Introduction
At Nova Labs, creators of the Helium Network, I contributed to one of the most ambitious real-world applications of crypto. Helium began as a decentralized wireless network for IoT, powered by nearly a million user-deployed hotspots across the globe. By rewarding hotspot owners with the $HNT token, Helium built a vast, community-powered network infrastructure, proving that blockchain incentives could bootstrap physical infrastructure at global scale. This model helped pioneer the DePIN movement, and the project later migrated to Solana to enhance scalability and cost-efficiency.
My work focused on 1663, an IoT data aggregation and intelligence platform built on top of Helium. 1663 transformed raw wireless telemetry into usable insights by aggregating sensor data, normalizing it, and providing real-time analytics for applications in logistics, agriculture, environmental monitoring, and beyond. We built robust APIs and dashboards for enterprises to interact with IoT data meaningfully, positioning 1663 as the intelligence layer of the Helium ecosystem.
Live Project
Challenges
Designing 1663 required tackling the complexity of real-time IoT data at global scale. Devices across the Helium Network produced heterogeneous telemetry, location, temperature, motion, humidity, often in inconsistent formats and intervals. Creating a cohesive user experience that could normalize and visualize this data in a meaningful way was a major challenge. We had to build a flexible, modular UI that could adapt to varied device types while still feeling unified and intuitive.

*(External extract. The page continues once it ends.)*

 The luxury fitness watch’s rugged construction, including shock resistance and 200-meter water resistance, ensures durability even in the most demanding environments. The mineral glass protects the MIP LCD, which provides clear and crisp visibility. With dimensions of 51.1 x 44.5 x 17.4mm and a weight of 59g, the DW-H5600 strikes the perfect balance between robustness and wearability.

Another key challenge was designing for real-time responsiveness. With thousands of devices streaming data concurrently, we had to account for latency, gaps, and noisy signals. The interface needed to remain fast and reliable even when data was incomplete or delayed. We implemented fallback states, intelligent polling, and progressive loading to ensure the system felt responsive without overwhelming users with raw, unprocessed data.

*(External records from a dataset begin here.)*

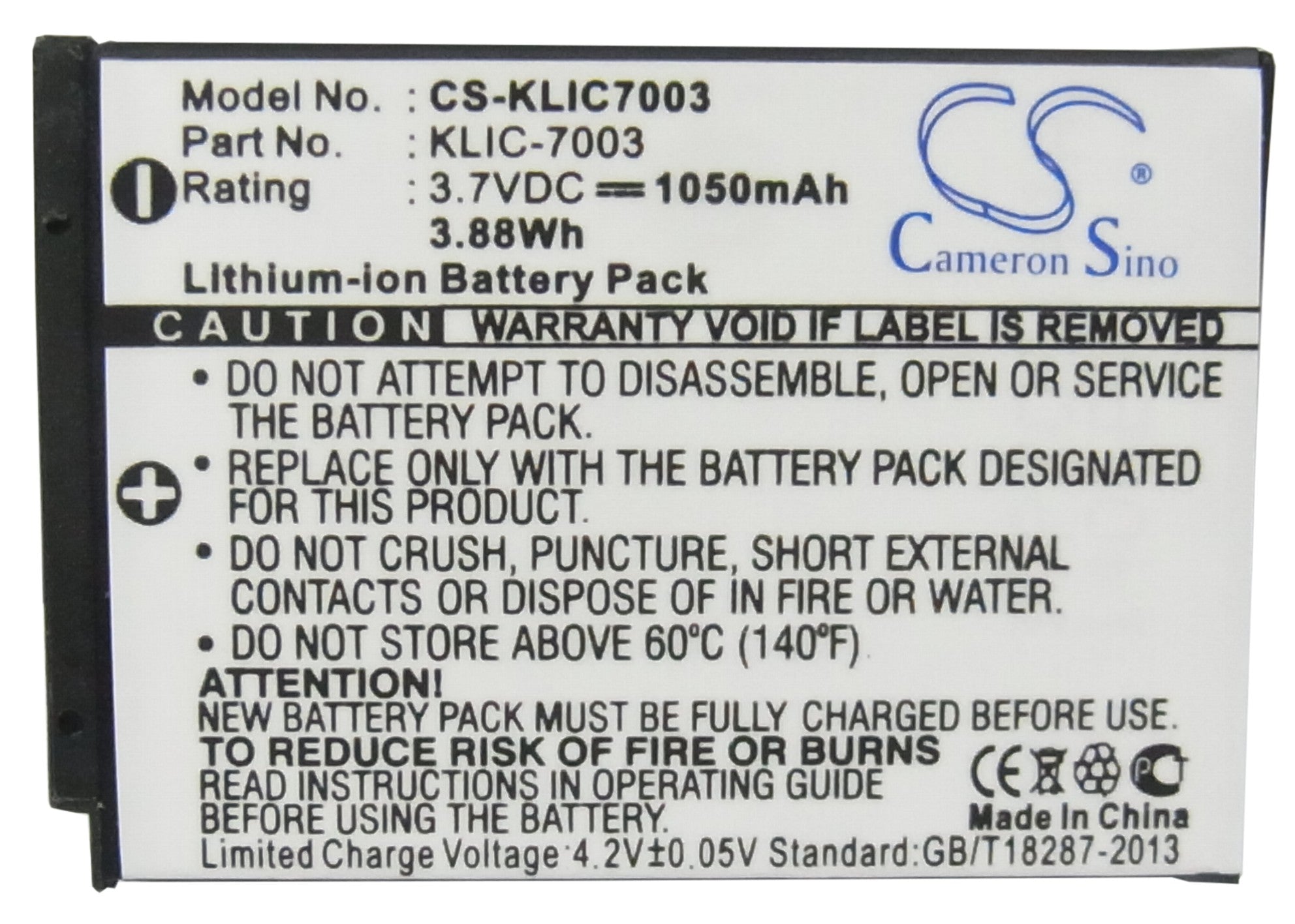 Battery for Kodak EasyShare Z950 KLIC-7003 3.7V Li-ion 1050mAh / 3.89Wh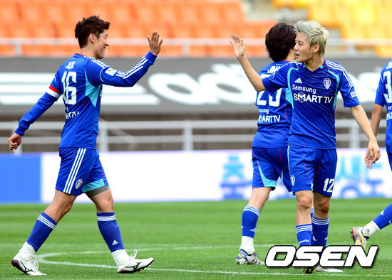27일 오후 수원월드컵경기장에서 열린 연예인 축구팀 FC MAN과 수원 서포터스와의 친선경기 FC MAN 김준수와 이지석이 기뻐하고 있다.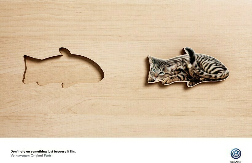 Данная кампания с участием котика была направлена на то, чтобы призвать людей покупать только официальные запчасти для автомобиля. Создатели указывают, что клиентам не следует полагаться только на то, что подходит, ярко демонстрируя свой посыл через формы двух фигурок — рыбки и кота. Кстати, предлагаем посмотреть и на других удивительных котов, которые оказались слишком большими для городских улиц.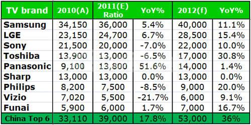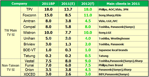 受到品牌需求減少影響,加上部分品牌增加自制比率,臺灣代工廠第三季呈現5.2%之衰退,但經過庫存去化及品牌預拉升年底銷售業績影響,預估第四季將有6-9%之成長力道。但整年度看來,TPV(冠捷)還是坐穩第一名,明年如能順利掌控PHILIPS品牌,2012年度計劃有可能朝20百萬臺邁進;鴻海(Foxconn)和緯創(Wistron)則受到Sony大幅調降電視需求影響,今年目標恐難以達成,明年成長力道也將受到限制;仁寶(Compal)、永碩(Unihan)、景智(Briview)主要客戶群皆以日本品牌Toshiba(主要為歐日訂單)為主,日震和歐洲經濟困頓,也大大影響其年度績效;瑞軒(Amtran)則受到Vizio波及,整體代工量也未能達標。盡管臺灣電視代工廠有Philips、Sony、Toshiba及Vizio等國際品牌及自有品牌的加持,但還是逃不過大環境不佳的沖擊。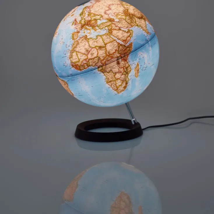 Entdecken Sie diesen einzigartigen Leuchtglobus mit über 2.000 verzeichneten geografischen Namen – eine meisterhafte Kombination aus klassischem Antikdesign und aktueller, politischer Kartografie von National Geographic. Jedes Land ist in einer individuellen Farbgebung dargestellt, mit dunklen Grenzlinien für eine klare Übersicht und verstärkten Kontrasten der politischen Gliederung. Die warmen Erdfarbtöne und die klare Schriftgestaltung sorgen für eine hervorragende Lesbarkeit. Feinste Schattierungen zeigen zudem Gebirgsketten und das unterseeische Relief, wodurch die geografischen Besonderheiten besonders plastisch hervortreten.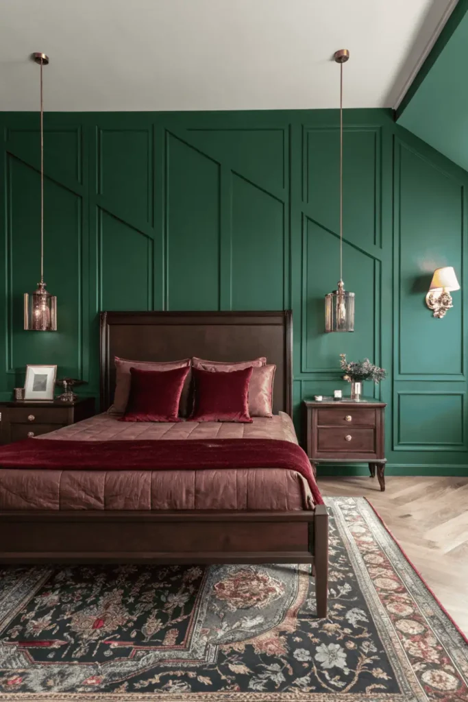 Embrace the drama by surrounding your dark wood bed frame with deep emerald walls or navy blue accents. This bold approach creates a cocoon-like atmosphere that’s perfect for restful sleep and romantic evenings.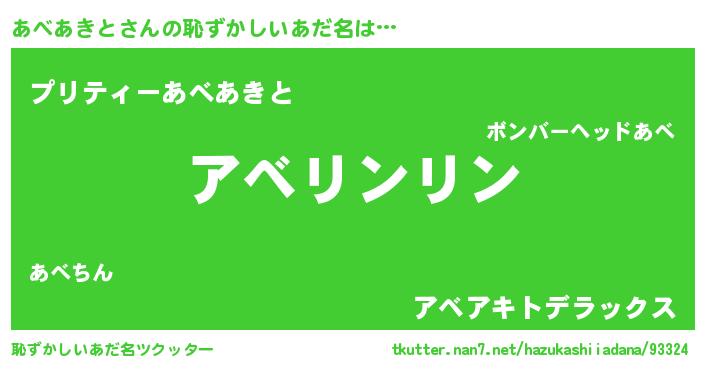 | 意味不明あだ名 | 『とにかく怪しいあべあきと』 |

Finally, we had to balance technical depth with usability. Many users were engineers or data scientists who needed full access to queries, filters, and raw payloads, while others were operators or business users looking for high-level insights. Designing for both required layered complexity: default views for quick insight, with deeper controls available when needed. This tension between power and clarity shaped nearly every design decision on the platform.